Esta manhã em particular eu tinha acordado de mau humor.

Isso não era comum para mim, ela era uma menina muito alegre apesar das circunstâncias. Mas a noite passada foi especialmente frustrante, o homem que eu queria tanto me negou um passe para o prazer da carne. E o pior foi que ele exigiu que ninguém mais pudesse dar a ele. Eu não sei por quanto tempo ele queria que eu fosse virgem, e eu não tinha certeza de quanto tempo eu iria obedecê-lo por nada.

Desde que ele se mudou para a casa ao lado, e eu descobri que ele estava me observando enquanto eu tomava banho, ele começou a despertar em mim preocupações sexuais que eu nunca tinha tido antes. Também era verdade, que ele atingiu a idade em que comecei a me interessar pelo assunto.

Vê-lo tão bonito e tão masculino, com uma virilidade inata me fez sentir muito mais do que pensei que poderia sentir. E agora estando sob suas ordens, mas sem poder lucrar com o fruto proibido, por causa dele, fiquei extremamente frustrado.

- bom dia querida, hora de levantar - minha mãe bateu na porta do meu quarto como sempre.

- Tomo um banho e desço para te ajudar com o café da manhã mamãe, vou limpar papai - digo a ela e me espreguiço antes de ir para o banheiro.

Eu tinha acabado de descobrir que minha cama ficava bem embaixo da cozinha do meu vizinho. Sua casa, sendo mais alta que a minha, coincidia em algumas áreas específicas em benefício da minha qualidade exibicionista.

Eu não sabia há muito tempo, então também dormi nua para ele e como não tínhamos ar condicionado na maioria das noites deixei a janela aberta e uma pequena luz acesa.

Eu gostava de provocá-lo, ou melhor, gostava de acreditar que o provocava.

Abro o chuveiro inclinando a janela e o vejo, com as duas mãos do lado de fora da janela do quarto fumando um cigarro e me dando uma piscadela de bom dia.

Eu mordo meu lábio e aperto meu mamilo estreitando meus olhos; mas quando eu vejo que ele libera toda a fumaça de uma só vez, supondo que ele estava ficando excitado, eu fecho a janela deixando apenas meus olhos verem assim. E enquanto me masturbo olhando para o objeto do meu prazer, faço-o perceber o quanto estou gostando de privá-lo de suas vistas.

Se ele quisesse jogar, eu já tinha avisado que nós dois iríamos queimar.

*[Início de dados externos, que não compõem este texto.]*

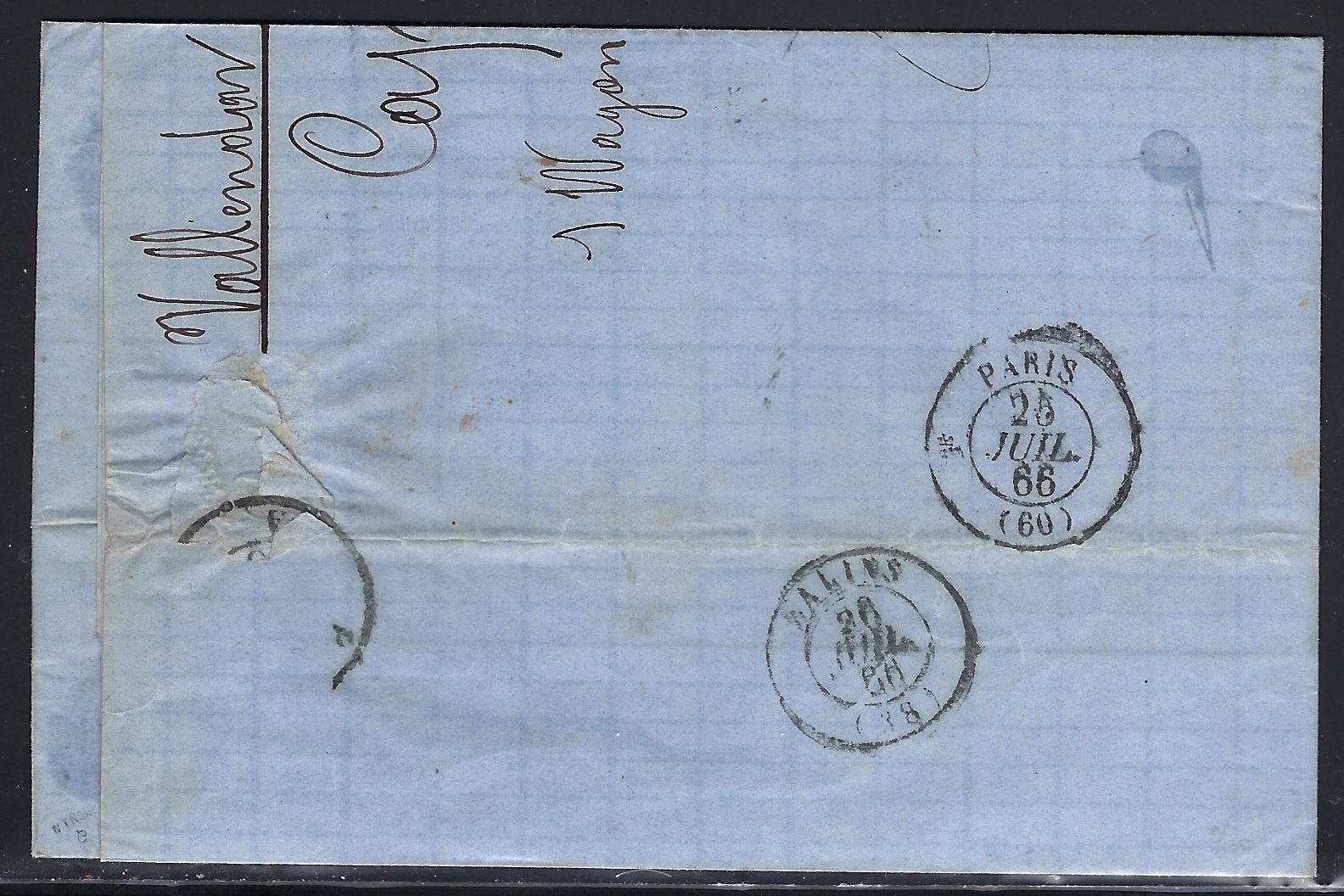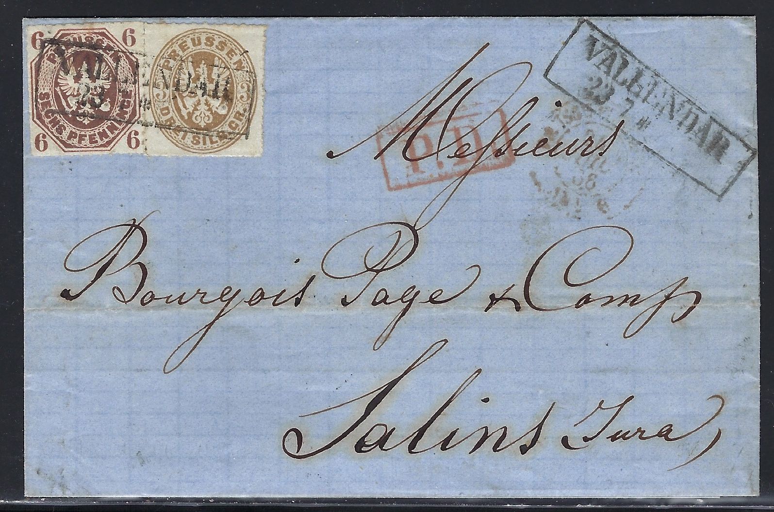 Preußen Mi 15+18 auf Auslandsbrief nach Frankreich als MiF mit Ra2 Vallendar und PD in rot nach Salins Jura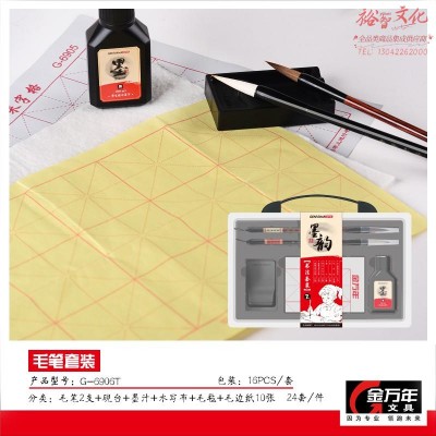 金万年(Genvana) 学生书法练字毛笔7件套装软毛狼毫大楷兼毫中楷文房四宝套 SKU:yzwhyp202341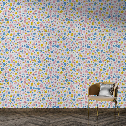 WonderMuralThis shiny wallpaper features a cheerful floral pattern, composed of small yellow, blue, and pink flowers on a light background. The harmonious com...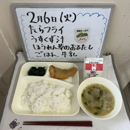 今日の給食の献立は、『たらフライ、うすくず汁、ほうれん草のおひたし、ごはん、牛乳』でした。

E não sei se ele foi queimado pelo cigarro ou pelo meu ato de desafio, mas a verdade é que ele bateu a janela depois de jogá-lo fora.

Agora eu saberia que não importa o quanto eu estivesse disposta a ser sua submissa, ele teria que me dar algo em troca ou a submissa acabaria sendo ele.

Termino meu banho e outras coisas, daqui a pouco, saindo do chuveiro bem relaxada.

Vesti um vestido simples plissado e um cinto de couro que combinei com botas de material semelhante.

- bom dia papai - dou um beijo na bochecha do meu pai e estou terminando de ajudar minha mãe com o café da manhã.

- Aonde você vai, querida, tão cedo? - o questiona de sua cadeira espacial por sua condição cada vez mais decadente

- ao pai universitário, hoje tenho uma conferência para receber e alguns trabalhos para entregar, voltarei à tarde e trarei seus remédios - ele sorri para mim o melhor que pode.

Na universidade tudo correu como esperado, meu professor deu uma palestra magnífica e nos deu todas as informações que precisávamos para estudar para o exame do mês. Entreguei meus papéis e quando saio para ir para casa sou parado por meus amigos.

- Gia, onde você estava ontem à noite? , eu fui passear na sua casa e você não estava lá, sua mãe me disse que você começou a trabalhar - Valentina falava sem parar.

-Sim Valen, comecei a trabalhar mas por enquanto não posso dar muitos detalhes, prometo te contar tudo amanhã, agora tenho que ir -enquanto digo isso sinto que meus olhos estão cobertos por trás e já saber quem ele é.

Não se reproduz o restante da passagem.